I have to loop through 30 zip folders, and each zip folder has 50,000 - 90,000 jpeg files. Ideally, I would loop through each zip folder because unzipping each folder would take too long. For each file, I need to open each file, extract key information from it, and store the information into a list. Based on How to do multithreading on a folder with several files?, I tried enabling multiprocessing to make things quicker, however, I can't figure it out. In my example below, I am trying to get it to work with one folder at the moment, and then I will need to figure out how to make it loop through all 30 zip folders.
import os
from zipfile import ZipFile
data_list = []
def image_processor(file):
with ZipFile("files101.zip") as zip_file:
with zip_file.open(file, "r") as img_file:
img_data = img_file.readlines(1) # data is available in beginning of each file
# Extract data #1
pattern_1 = r'IMG:\d{,3}'
if re.findall(pattern_1, str(img_data)):
img_extract = re.findall(pattern_1, str(img_data))[0]
else:
img_extract = np.nan
# Extract timestamp
time_pattern = r'Time:\s\d{2}-\d{2}-\d{4}\s\s\d{2}:\d{2}:\d{2}'
if re.findall(time_pattern, str(img_data)):
time_extract = re.findall(time_pattern, str(img_data))[0]
else:
time_extract = np.nan
# Create list
return data_list.append([img_extract, time_extract])

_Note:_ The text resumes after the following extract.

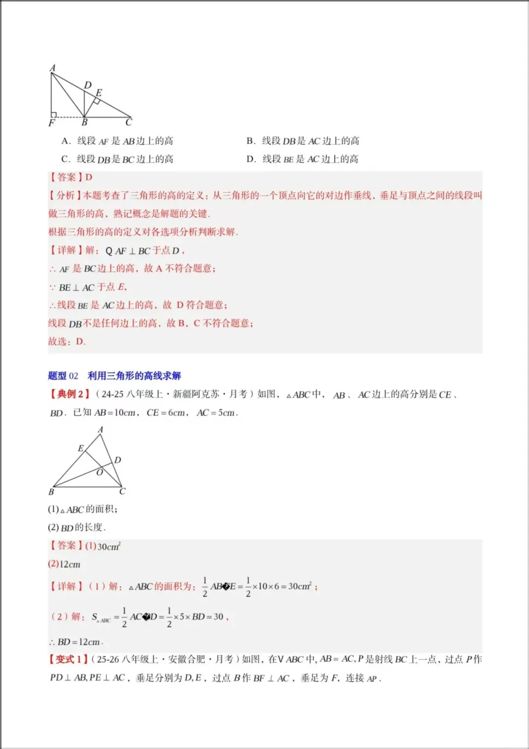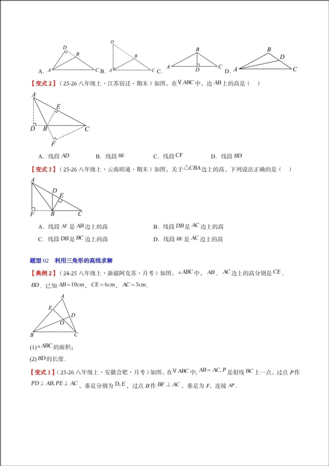 题型02:利用三角形的高线求解

os.chdir(r"C:\\Users\\xxxxxx\\Desktop\\zip")
for folder in os.listdir():
file_list = ZipFile("files101.zip", "r").namelist()
with ProcessPool(processes=8) as pool:
pool.map(image_processor, file_list)
What happens is my code just runs forever like it does without enabling multiprocessing. If I need to do multi-threading, I have six cores. Any advice would be appreciated.